| What the task requires |
Lines containing the word "Sinnershausen" are to be copied from the data below.

| Source records |
***
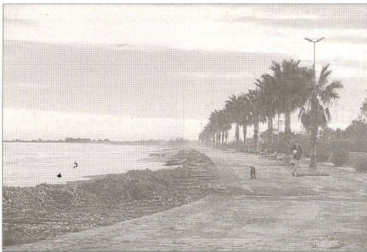
Aquest temporal ha tornat a deixar pràcticament sense sorra la platja de l'Arenal de l'Ampolla.

Més enllà de les reparacions puntuals, fa anys que es reclamen solucions a la regressió, en aquest punt i en d'altres del delta de l'Ebre. «S'han invertit molts milions d'euros en filtres verds o indicadors ambientals i no en combatre de forma efectiva la regressió del litoral. Si ens quedem
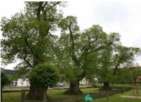
Abbildung 10: Baumgruppe aus drei Edelkastanien, Sinnershausen/Thüringen, v.l.: 5,53; 5,38 und 5,86 m StU (Foto und Messung vom 10. Mai 2014)

Baumgruppe aus drei Edelkastanien am Kindergarten (von außen einsehbar!, Abbildung 10) in Hümpfershausen, Landkreis Schmalkalden-Meiningen. Nähe Gutshof (Feuerwehrschule) Sinnershausen mit weiteren bemerkenswerten Gehölzen wie einer Tanzlinde.
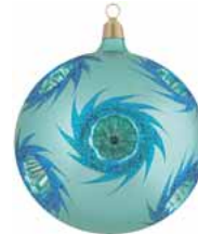
AD 111 metallic hellblau mit blauem Glitter/ metallic light blue and blue glittering
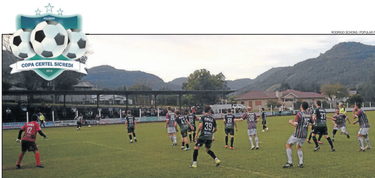
Fluminense tentou buscar o empate, porém perdeu em casa

Na rodada deste domingo, quatro equipes venceram fora de casa: Ouro Verde, São Cristóvão, Arroio Alegrense e Ribeirense conseguiram os três pontos jogando longe de suas praças esportivas.
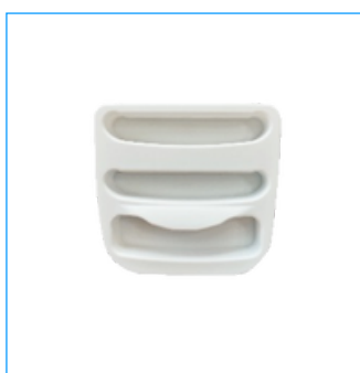
Gniazda klamek SUPRO
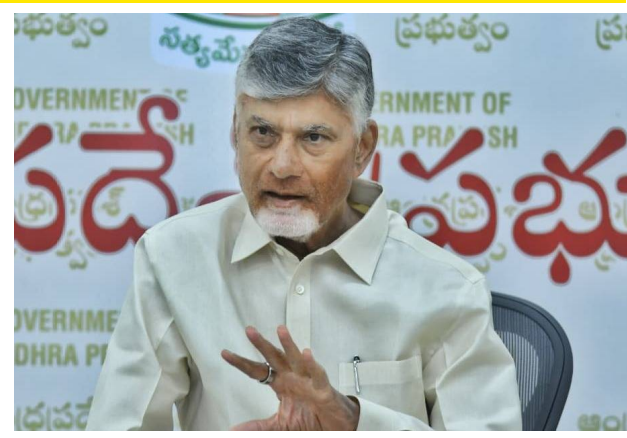
భాగస్వామ్యం అత్యంత కీలకమని ముఖ్యమంత్రి చంద్రబాబు స్పష్టం చేశారు. ఈ బృహత్తర కార్యక్రమంలో రాష్ట్రంలోని 60 వేల మంది సాగునీటి సంఘాల సభ్యులను భాగస్వాములను చేస్తూ వారికి కీలక బాధ్యతలు అప్పగించారు. "ప్రతి నీటి చుక్కను ఒడిసి పట్టుకోవాలి, ప్రతి టోట్టును

పెన్ పవర్ డెస్క్ రాష్ట్రంలో నీటి సంరక్షణ, భూగర్భ జలాల పెంపు లక్ష్యంగా ఆంధ్రప్రదేశ్ ప్రభుత్వం భారీ కార్యక్రమానికి శ్రీకారం చుట్టింది. 'నీటి భద్రత-సాగునీటి సంఘాల బాధ్యత' పేరుతో 100 రోజుల ప్రత్యేక కార్యాచరణను ముఖ్యమంత్రి చంద్రబాబు ప్రకటించారు. ప్రజల భాగస్వామ్యంతో జల సంరక్షణను ఒక ఉద్యమంలా ముందుకు తీసుకెళ్లాలని ఆయన పిలుపునిచ్చారు. ఏప్రిల్ 6 నుంచి జులై 14వ తేదీ వరకు ఈ కార్యక్రమం కొనసాగుతుంది. ఇందులో భాగంగా నేడు రాష్ట్రంలోని సాగునీటి సంఘాల సభ్యులతో ముఖ్యమంత్రి టెలికాన్ఫరెన్స్ నిర్వహించి, రాబోయే 100 రోజుల ప్రణాళికపై వారికి దిశానిర్దేశం చేశారు. ఈ కార్యక్రమం ప్రారంభ సూచికగా, సీఎం చంద్రబాబు రేవు (ఏప్రిల్ 6) తాడిపత్రి నియోజకవర్గంలోని యాడికిలో జరిగే కార్యక్రమంలో పాల్గొననున్నారు. 100 రోజుల కార్యాచరణ.. సాగునీటి సంఘాలకు కీలక బాధ్యతలు నీటి భద్రత కేవలం ప్రభుత్వ బాధ్యతే కాదని, ఇందులో ప్రజల
***
| Answer for this exercise |
Abbildung 10: Baumgruppe aus drei Edelkastanien, Sinnershausen/Thüringen, v.l.: 5,53; 5,38 und 5,86 m StU (Foto und Messung vom 10. Mai 2014)
Baumgruppe aus drei Edelkastanien am Kindergarten (von außen einsehbar!, Abbildung 10) in Hümpfershausen, Landkreis Schmalkalden-Meiningen. Nähe Gutshof (Feuerwehrschule) Sinnershausen mit weiteren bemerkenswerten Gehölzen wie einer Tanzlinde.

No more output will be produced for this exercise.